Paradis, having lifted the lids of the jars, surveys the recipients and announces, “Kidney beans in oil, bully, pudding, and coffee—that’s all.”

“Nom de Dieu!” bawls Tulacque. “And wine?” He summons the crowd: “Come and look here, all of you! That—that’s the limit! We’re done out of our wine!”

Athirst and grimacing, they hurry up; and from the profoundest depths of their being wells up the chorus of despair and disappointment, “Oh, Hell!”

“Then what’s that in there?” says the fatigue man, still ruddily sweating, and using his foot to point at a bucket.

“Yes,” says Paradis, “my mistake, there is some.”
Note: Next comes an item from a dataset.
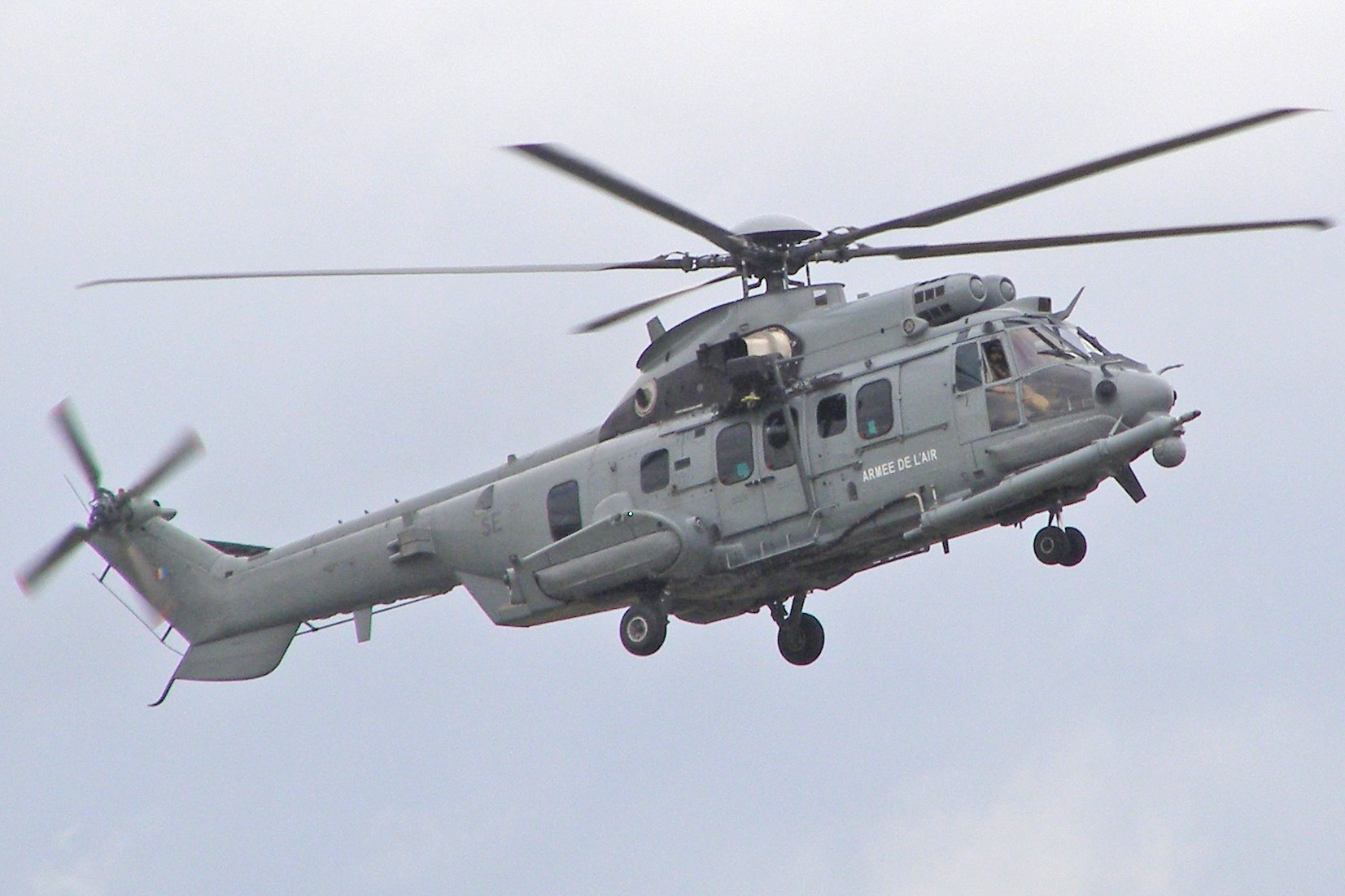 Eurocopter EC-725R2 Caracal (Serial Number 2552) of the French Air Force at the Royal International Air Tattoo 2009 at RAF Fairfod, England
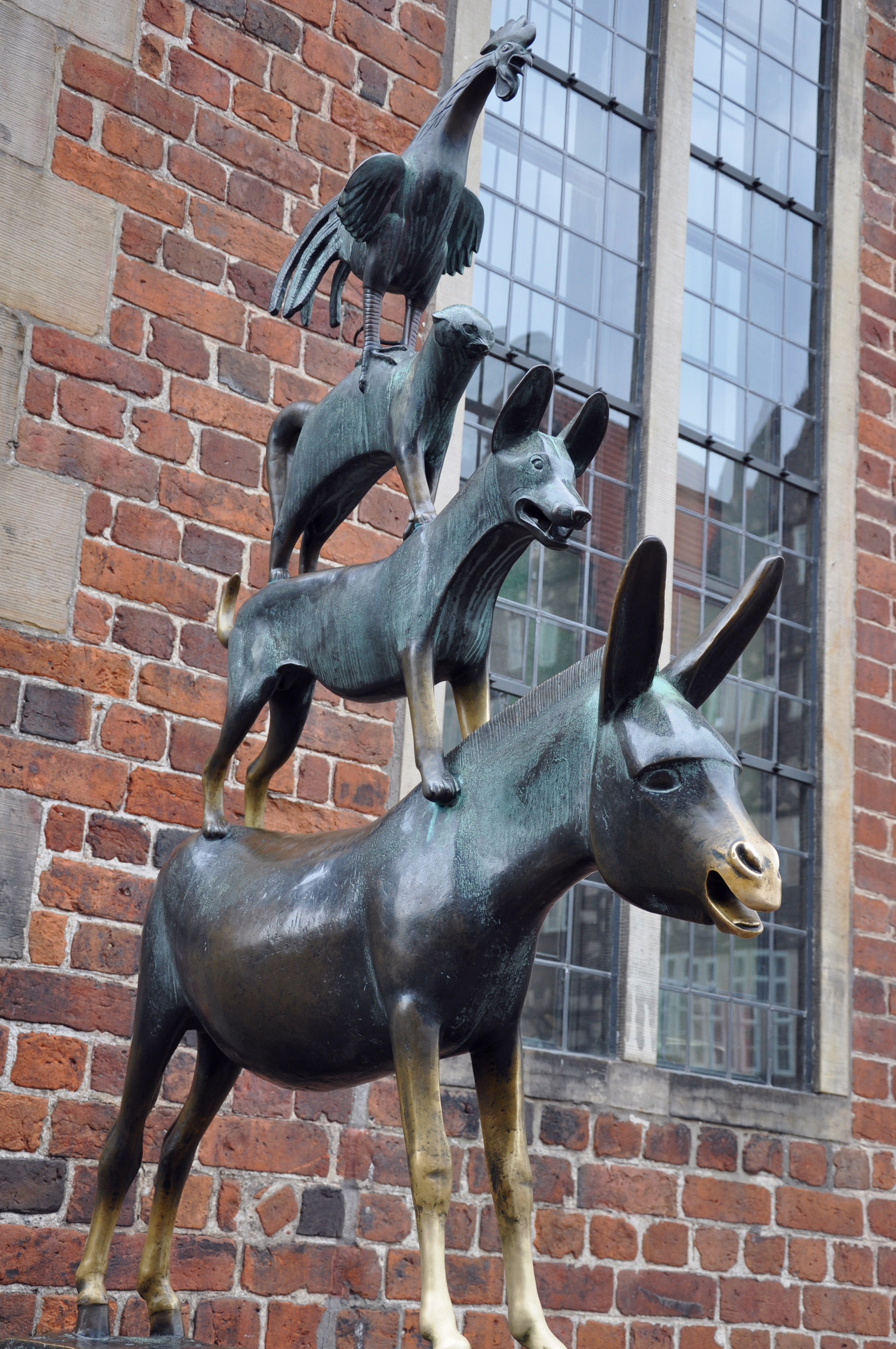 Die Stadtmusikanten (Town Musicians of Bremen)

The fatigue man shrugs his shoulders, and hurls at Paradis a look of unspeakable scorn—“Now you’re beginning! Get your gig-lamps on, if your sight’s bad.” He adds, “One cup each—rather less perhaps—some chucklehead bumped against me, coming through the Boyau du Bois, and a drop got spilled.” “Ah!” he hastens to add, raising his voice, “if I hadn’t been loaded up, talk about the boot-toe he’d have got in the rump! But he hopped it on his top gear, the brute!”

In spite of this confident assurance, the fatigue man makes off himself, curses overtaking him as he goes, maledictions charged with offensive reflections on his honesty and temperance, imprecations inspired by this revelation of a ration reduced.

All the same, they throw themselves on the food, and eat it standing, squatting, kneeling, sitting on tins, or on haversacks pulled out of the holes where they sleep—or even prone, their backs on the ground, disturbed by passers-by, cursed at and cursing. Apart from these fleeting insults and jests, they say nothing, the primary and universal interest being but to swallow, with their mouths and the circumference thereof as greasy as a rifle-breech. Contentment is theirs.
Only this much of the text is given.